• [MATERIAL FOR THIS TASK]
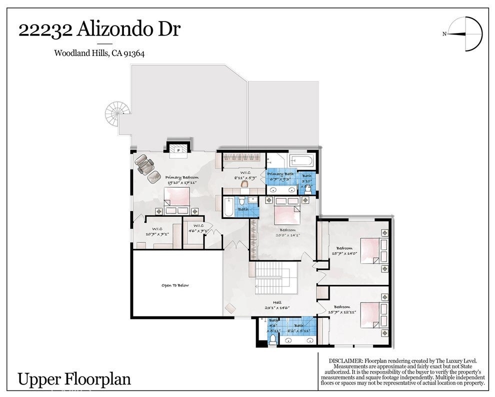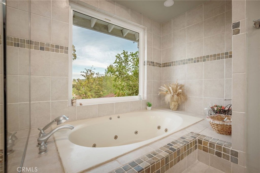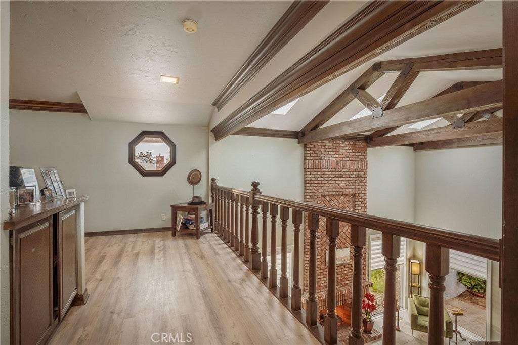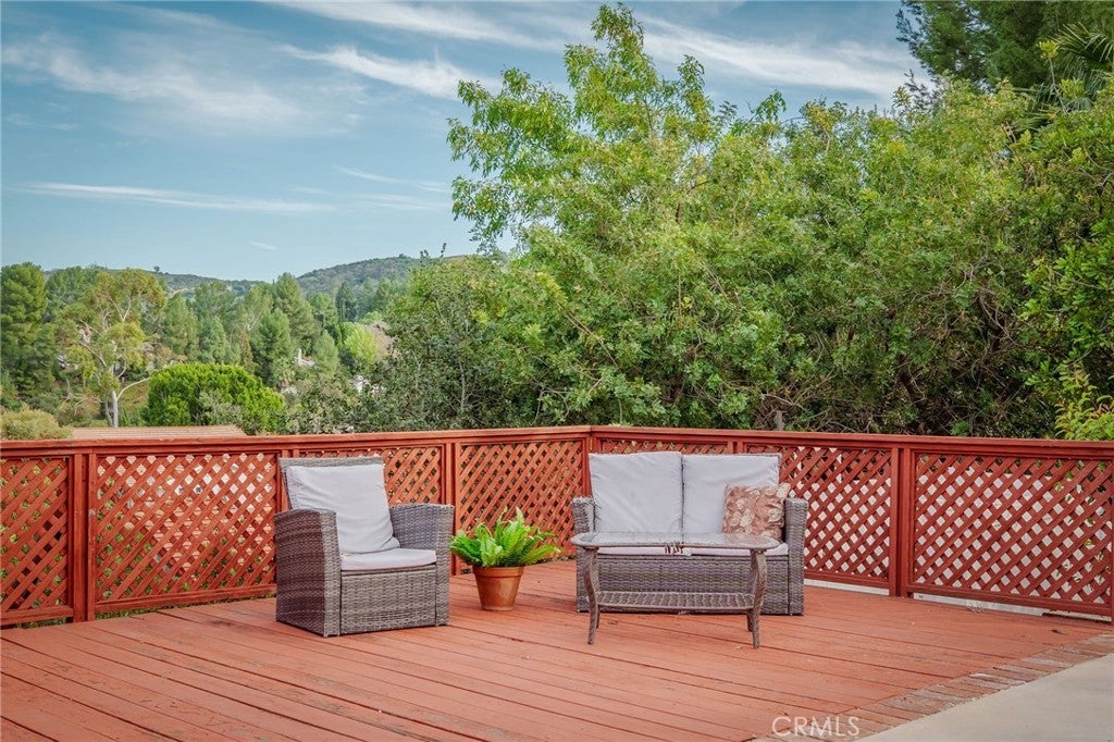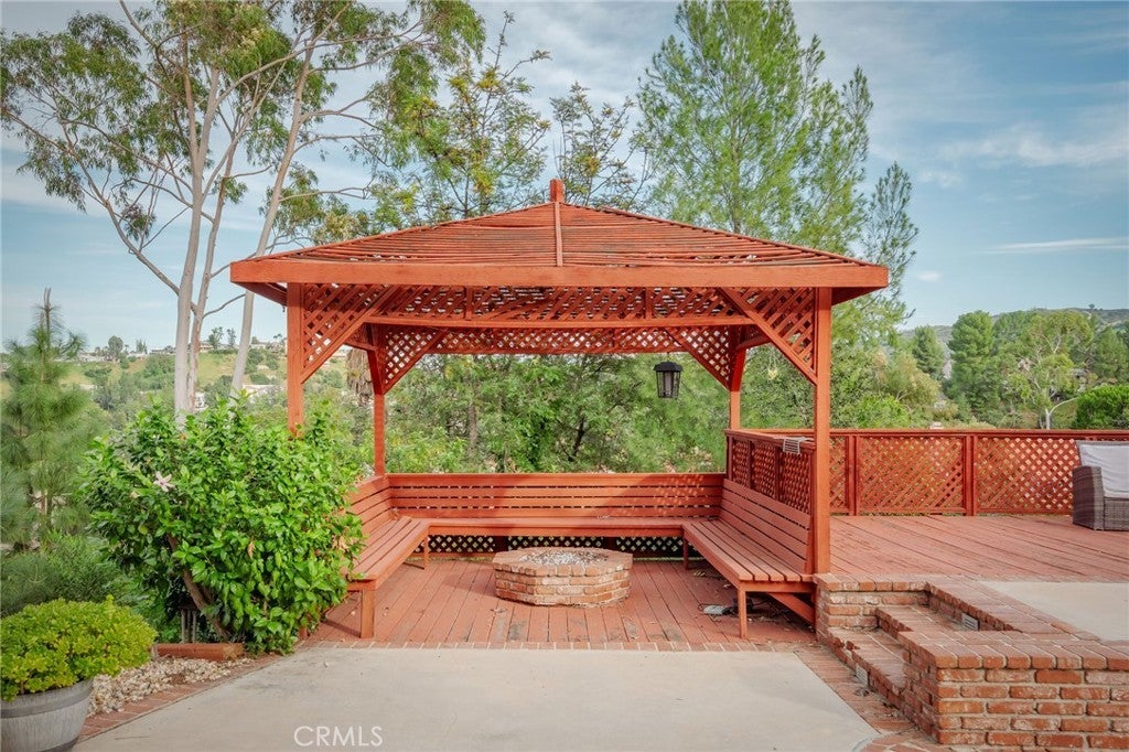 Incredible sunrise and panoramic valley views on a quiet cul-de-sac! This spacious home offers timeless architectural character, great outdoor spaces and practical updates on an expansive hillside in a fabulous Woodland Hills neighborhood. A circular driveway and low-maintenance California native landscaping lead to a covered arched brick portico and double front doors. Inside, the entry reveals a classic wood-railed staircase and opens to a formal living room. Exposed structural truss beams span the vaulted ceiling, large windows invite natural light and a striking floor-to-ceiling brick fireplace create a truly incredible space. The large kitchen captures wide valley views and has been updated with custom shaker cabinetry, quartz countertops, stainless steel appliances, a large center island, and ample storage space. Adjacent, a warm, traditional formal dining room features a decorative glass-inlaid swinging door. A comfortable family room with a corner brick fireplace connects to both spaces, creating an inviting everyday living space. A guest bathroom and complete guest suite complete the lower level. Upstairs, the flexible floor plan offers three additional bedrooms, one ensuite and two with an easy shared bathroom. The generously sized primary suite features a third fireplace, multiple closets, linen storage, and direct access to a large private balcony with sweeping hillside and valley views. A spiral staircase connects the balcony to the backyard below. The backyard sanctuary is surrounded by mature trees and offers a variety of unique usable areas including a large pool and spa, built-in BBQ, gazebo-covered firepit, deck area, over-sized covered patio with both dining area and relaxed lounge area. The oversized side-yard areas offer flexibility to create additional spaces for play, gardening or sports. The east-facing orientation brings in morning light and comfortable shade during warm afternoons. This incredible view lot offers plenty of privacy with sweeping views of the surrounding valley. New windows and doors enhance natural light and improve energy efficiency, and the newer solar system helps reduce energy costs. Solid wood interior doors add both character and improved privacy throughout the home. Panoramic views, morning light, and shaded afternoons paired with enduring architectural details and generous indoor and outdoor space to create a private hillside home with lasting character in the West Valley make this home hard to beat.
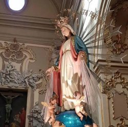 Ricorre quest’anno domenica 12 maggio la festa di Maria Santissima della Medaglia, compatrona della città di Ragusa. Qui il culto ha avuto inizio nel 1840 quando don Salvatore Ferrera, don Giacomo Gurrieri e don Mario Di Stefano, sacerdoti ragusani, riportarono negli ambienti iblei l’eco dell’apparizione di Maria Santissima della Medaglia a santa Caterina Labourè nel 1830, a Parigi, presso il convento delle suore “Figlie della Carità”.
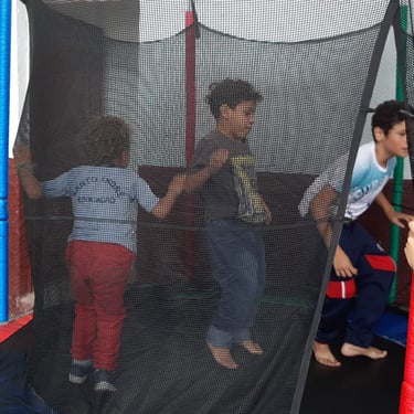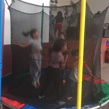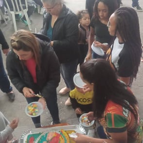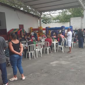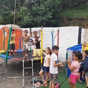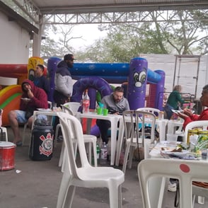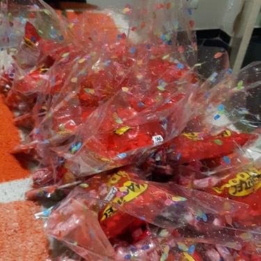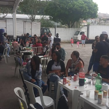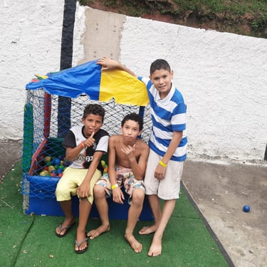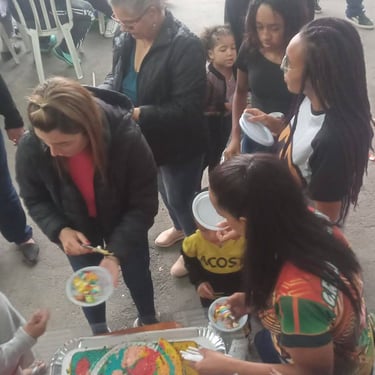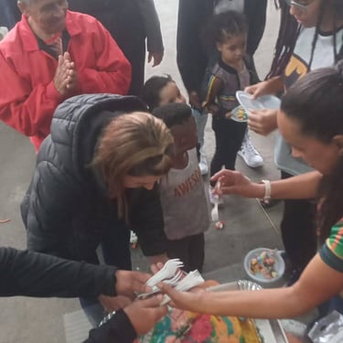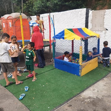 Entrega de chocolate e doces para as crianças na quadra da Escola de Samba Leões do Vale, onde foi cedido o espaço para realização do evento.
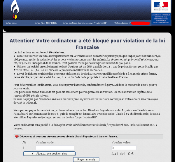 'Attention! Votre ordinateur a ete pour violation' ransomware has a fairly strong resemblance to other ransomware Trojans from the 'Ukash Virus' family – such as Sacem Police Nationale Ransomware, Office Central de Lutte contre la Criminalité Ransomware or the Strathclyde Police Ukash Virus. Anti-malware programs will often identify these Trojans by names such as Trojan:Win32/Ransom.DU or Trojan:Win32/Ransom.FL. Although 'Attention! Votre ordinateur a ete pour violation' ransomware uses a slightly different template from the norm, this is in keeping with recent variants of these Trojans, which have been identified in numerous variants for countries on both sides of the Atlantic, particularly France and other European countries.
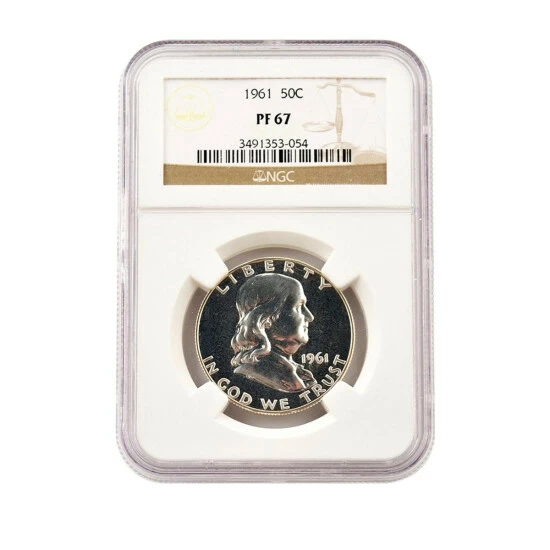 1961 PF67 NGC Benjamin Franklin 90% Silver Half Dollar
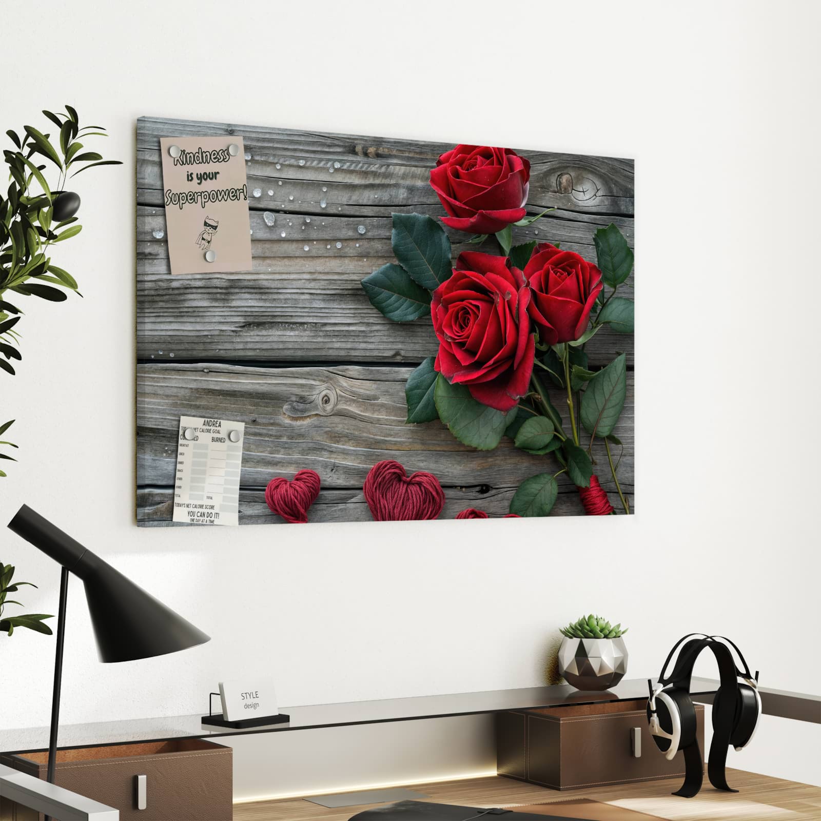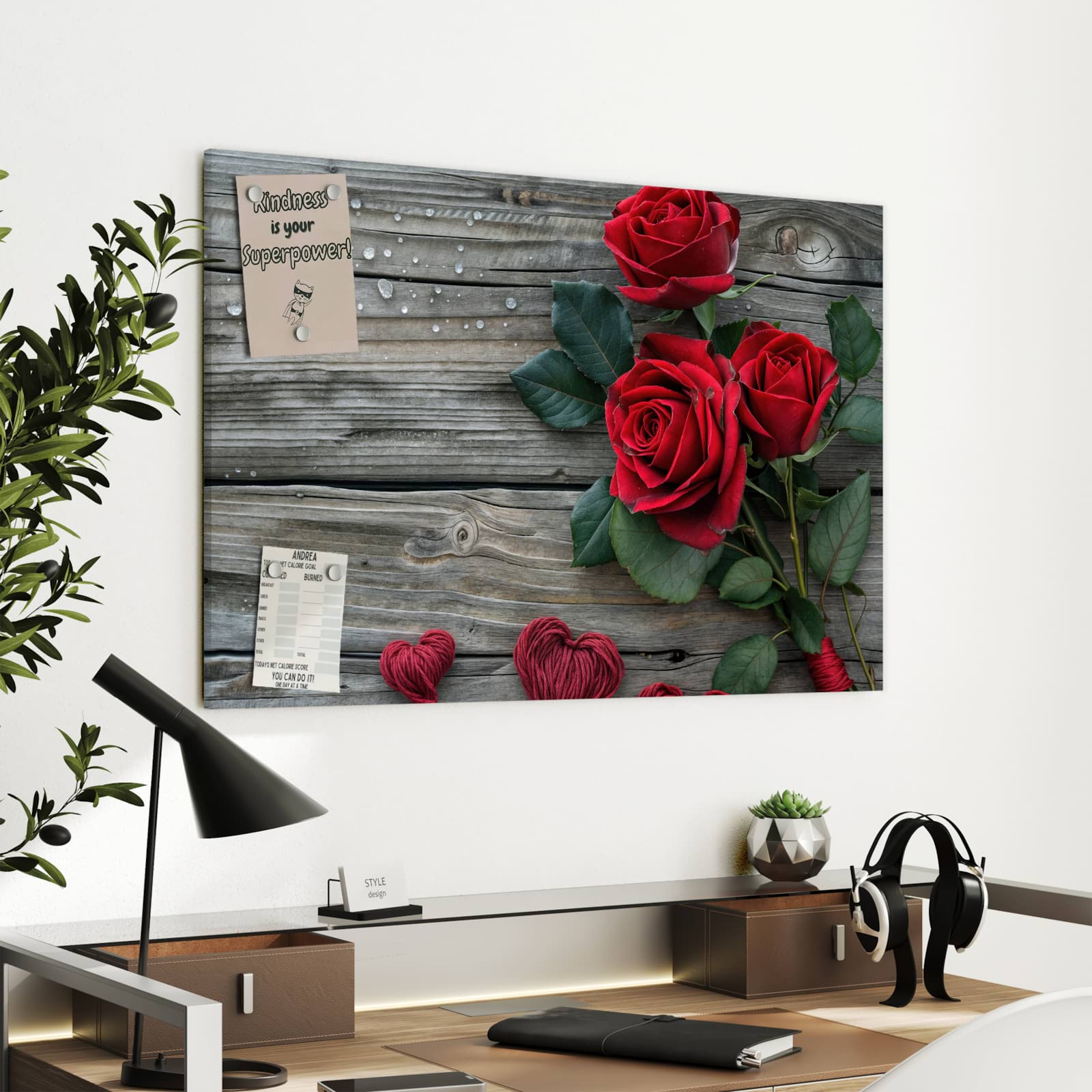 Vielseitige Metall-Magnettafel für Ihr Zuhause - Romantische Rosenherzen
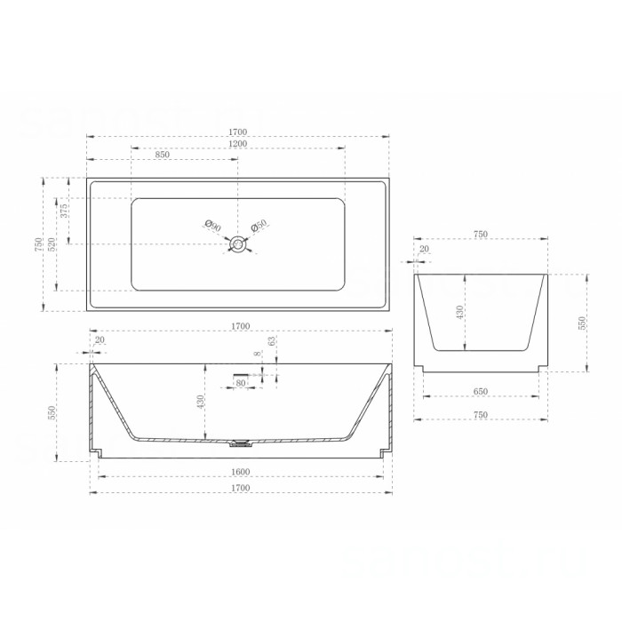 Технические характеристики Ванна из искусственного камня ABBER Stein AS9602 белая матовая
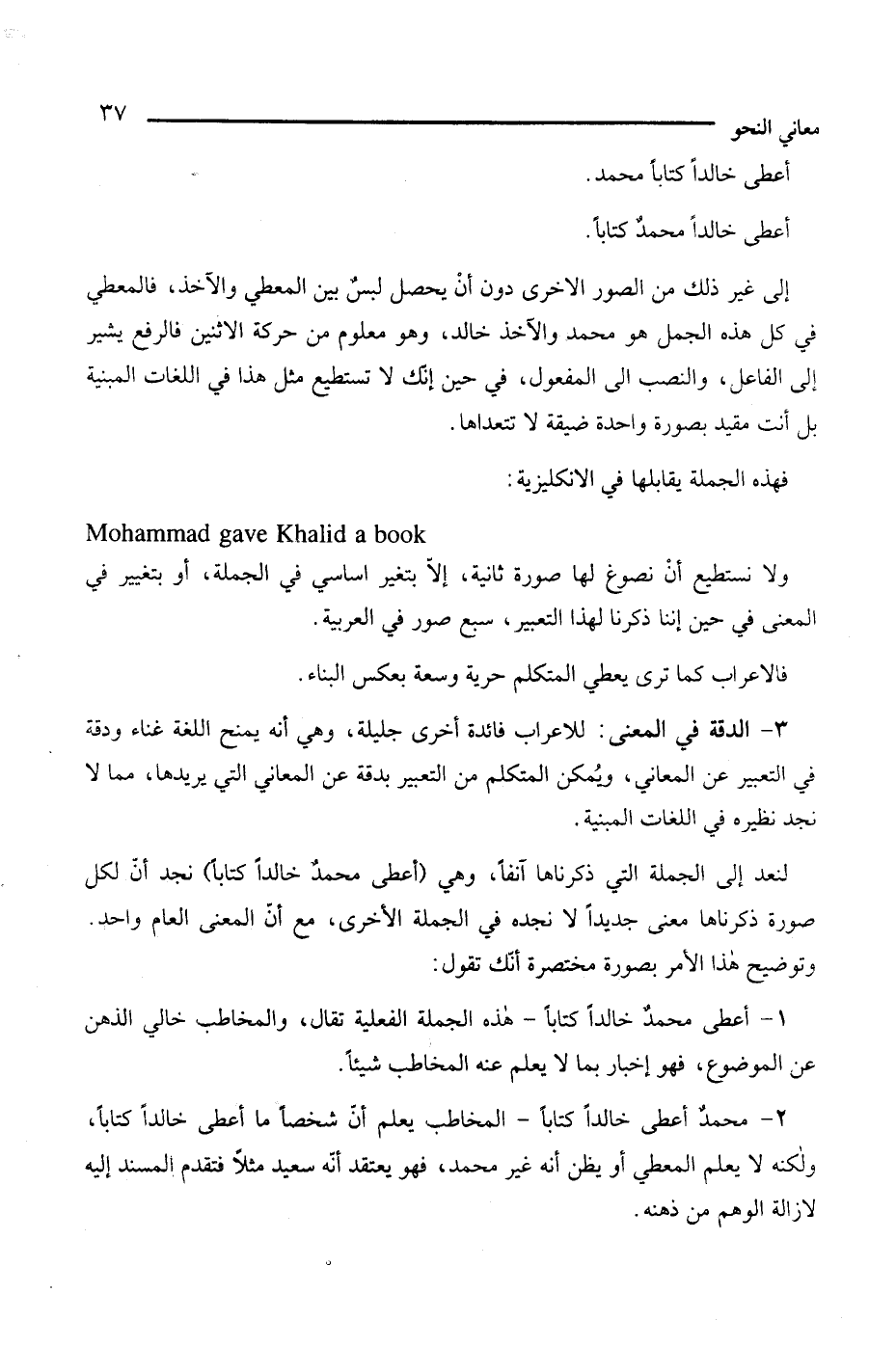 إلى غير ذلك من الصور الأخرى دون أن يحصل لبس بين المعطي والآخذ، فالمعطي في كل هذه الجمل هو محمد والآخذ خالد، وهو معلوم من حركة الاثنين فالرفع يشير إلى الفاعل، والنصب إلى المفعول في حين إنك لا تستطيع مثل هذا في اللغات المبنية بل أنت مقيد بصورة واحدة ضيقة لا تتعداها.

• [EXERCISE AIM]
Please copy out the whole listing exactly as it stands, minus the pictures.

• [WRITTEN RESPONSE]
 Incredible sunrise and panoramic valley views on a quiet cul-de-sac! This spacious home offers timeless architectural character, great outdoor spaces and practical updates on an expansive hillside in a fabulous Woodland Hills neighborhood. A circular driveway and low-maintenance California native landscaping lead to a covered arched brick portico and double front doors. Inside, the entry reveals a classic wood-railed staircase and opens to a formal living room. Exposed structural truss beams span the vaulted ceiling, large windows invite natural light and a striking floor-to-ceiling brick fireplace create a truly incredible space. The large kitchen captures wide valley views and has been updated with custom shaker cabinetry, quartz countertops, stainless steel appliances, a large center island, and ample storage space. Adjacent, a warm, traditional formal dining room features a decorative glass-inlaid swinging door. A comfortable family room with a corner brick fireplace connects to both spaces, creating an inviting everyday living space. A guest bathroom and complete guest suite complete the lower level. Upstairs, the flexible floor plan offers three additional bedrooms, one ensuite and two with an easy shared bathroom. The generously sized primary suite features a third fireplace, multiple closets, linen storage, and direct access to a large private balcony with sweeping hillside and valley views. A spiral staircase connects the balcony to the backyard below. The backyard sanctuary is surrounded by mature trees and offers a variety of unique usable areas including a large pool and spa, built-in BBQ, gazebo-covered firepit, deck area, over-sized covered patio with both dining area and relaxed lounge area. The oversized side-yard areas offer flexibility to create additional spaces for play, gardening or sports. The east-facing orientation brings in morning light and comfortable shade during warm afternoons. This incredible view lot offers plenty of privacy with sweeping views of the surrounding valley. New windows and doors enhance natural light and improve energy efficiency, and the newer solar system helps reduce energy costs. Solid wood interior doors add both character and improved privacy throughout the home. Panoramic views, morning light, and shaded afternoons paired with enduring architectural details and generous indoor and outdoor space to create a private hillside home with lasting character in the West Valley make this home hard to beat.
 Ricorre quest’anno domenica 12 maggio la festa di Maria Santissima della Medaglia, compatrona della città di Ragusa. Qui il culto ha avuto inizio nel 1840 quando don Salvatore Ferrera, don Giacomo Gurrieri e don Mario Di Stefano, sacerdoti ragusani, riportarono negli ambienti iblei l’eco dell’apparizione di Maria Santissima della Medaglia a santa Caterina Labourè nel 1830, a Parigi, presso il convento delle suore “Figlie della Carità”.
 Entrega de chocolate e doces para as crianças na quadra da Escola de Samba Leões do Vale, onde foi cedido o espaço para realização do evento.
 'Attention! Votre ordinateur a ete pour violation' ransomware has a fairly strong resemblance to other ransomware Trojans from the 'Ukash Virus' family – such as Sacem Police Nationale Ransomware, Office Central de Lutte contre la Criminalité Ransomware or the Strathclyde Police Ukash Virus. Anti-malware programs will often identify these Trojans by names such as Trojan:Win32/Ransom.DU or Trojan:Win32/Ransom.FL. Although 'Attention! Votre ordinateur a ete pour violation' ransomware uses a slightly different template from the norm, this is in keeping with recent variants of these Trojans, which have been identified in numerous variants for countries on both sides of the Atlantic, particularly France and other European countries.
 1961 PF67 NGC Benjamin Franklin 90% Silver Half Dollar
 Vielseitige Metall-Magnettafel für Ihr Zuhause - Romantische Rosenherzen
 Технические характеристики Ванна из искусственного камня ABBER Stein AS9602 белая матовая
 إلى غير ذلك من الصور الأخرى دون أن يحصل لبس بين المعطي والآخذ، فالمعطي في كل هذه الجمل هو محمد والآخذ خالد، وهو معلوم من حركة الاثنين فالرفع يشير إلى الفاعل، والنصب إلى المفعول في حين إنك لا تستطيع مثل هذا في اللغات المبنية بل أنت مقيد بصورة واحدة ضيقة لا تتعداها.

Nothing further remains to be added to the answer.